### Work task
Only the lines from the beginning of the entries through the one with "تصویر ۳۸- ناراسیما." should be written out, please, exactly and without any pictures.

Information section start

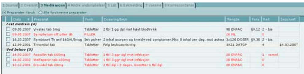
Medikasjon: Enkelt å veksle mellom visning av preparater i bruk og alle forskrevne preparat
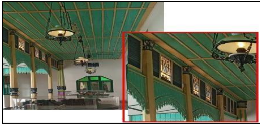
Gambar 3. Ornamen Bangunan

Ukiran kayu khas Jawa tetap digunakan, tetapi terdapat tambahan motif geometris khas Eropa.
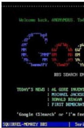
الوان كثيرة، بحسب صحيفة «ديلي ميل» البريطانية الخميس 5 ابريل 2012.

وتلقت الفيديوهات التي ينشرها هذا الموقع لطريقة استخدام هذه المواقع بأسلوب وشكل الثمانينيات، قبولا هائلا على يوتيوب، حيث تتجاوز مشاهدة الفيديو الواحد عشرات الآلاف. كما أن الموقع لا يترك شيئا للمصادفة، فقد أضاف خدمة الأخبار التي تنشر أخبارا قديمة منذ الثمانينيات، مثل: رونالد ريغان يزور بلجيكا عن طريق المصادفة وآل جور يخترع شبكة الإنترنت.
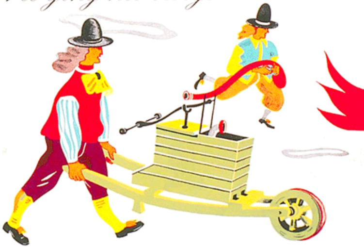
Lo ging het vroeger
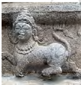
تصویر ۳۸- ناراسیما.
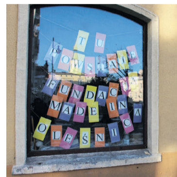
Nigdy nie powstała
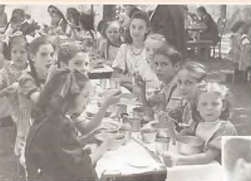
1945 – Colonia Pontificia. Posto di ristoro per le piccole orfane nell'istituto “Maria Ausiliatrice” di Via Marghera 59, Roma.

Information section end

### Task answer
Medikasjon: Enkelt å veksle mellom visning av preparater i bruk og alle forskrevne preparat
Gambar 3. Ornamen Bangunan

Ukiran kayu khas Jawa tetap digunakan, tetapi terdapat tambahan motif geometris khas Eropa.
الوان كثيرة، بحسب صحيفة «ديلي ميل» البريطانية الخميس 5 ابريل 2012.

وتلقت الفيديوهات التي ينشرها هذا الموقع لطريقة استخدام هذه المواقع بأسلوب وشكل الثمانينيات، قبولا هائلا على يوتيوب، حيث تتجاوز مشاهدة الفيديو الواحد عشرات الآلاف. كما أن الموقع لا يترك شيئا للمصادفة، فقد أضاف خدمة الأخبار التي تنشر أخبارا قديمة منذ الثمانينيات، مثل: رونالد ريغان يزور بلجيكا عن طريق المصادفة وآل جور يخترع شبكة الإنترنت.
Lo ging het vroeger
تصویر ۳۸- ناراسیما.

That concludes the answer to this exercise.